A Go library + web server to extract standard identifiers from a given URL.
Intended for all scientific literature only.
- DOI (Digital Object Identifier)
- PMID (PubMeb Identifier)
- PMCID (PubMeb Central Identifier)
- Manuscript IDs
url2id will fetch the web-page referred by url
and scan it for identifiers.
For the library, see the source code, it's really short.
The web server will listen on :8080
by default, but you can change the port by PORT
environment variable.
Any GET request to /
with parameter url
will be responded by a JSON of the following type on success:
{
"doi": "10.1016/j.cub.2012.03.051",
"pmid": "22521786",
"pmcid": "PMC3780767",
"nihmsid": "NIHMS236863",
"emsid": "EMS48932",
"camsid": "cams6038"
}
On failure, appropriate HTTP status code will be set (often either 400 or 500), with a high-level error message (details will be logged by the server).

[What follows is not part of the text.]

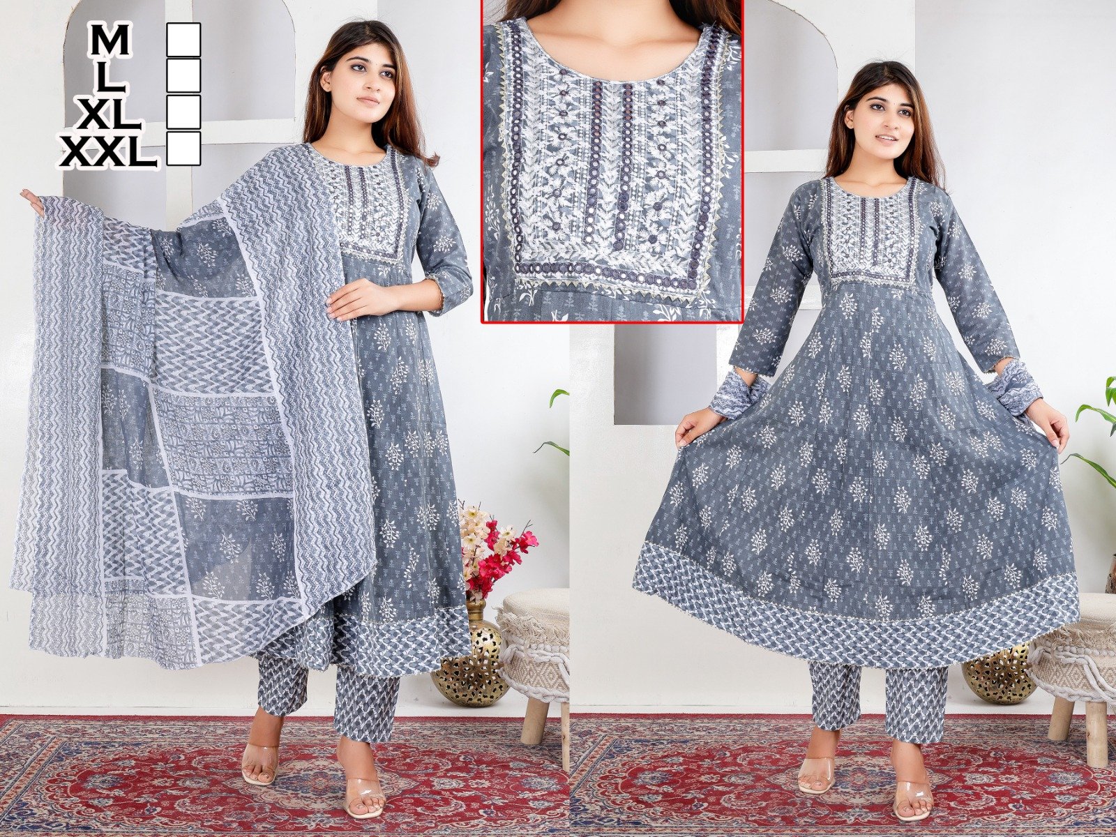 - Elegant Design: Grey and white floral print Anarkali kurta.
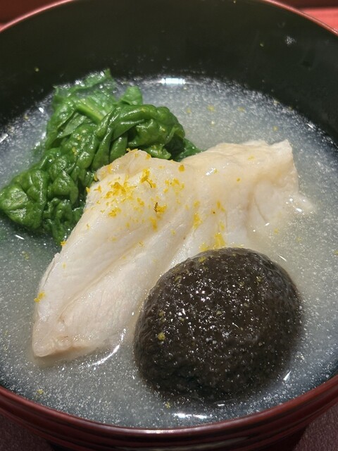 ・クエ、椎茸、かつお菜、蕪のみぞれ

Empty keys will be omitted.
url2id does not rely on the structure of the websites but uses few simple regexes to extract information. This makes it resilient to changes (on the websites) in future, fast and also simple, but it also means that errors are probable.
DOI extraction seems to be the most reliable of all other standard identifiers, and it's widely supported by variety of platforms. Thus it might be wise to fetch the title of the paper using the DOI you have got from url2id and cross-check (if you are intending to use this in a bibliography software for instance).
ISC License, see LICENSE.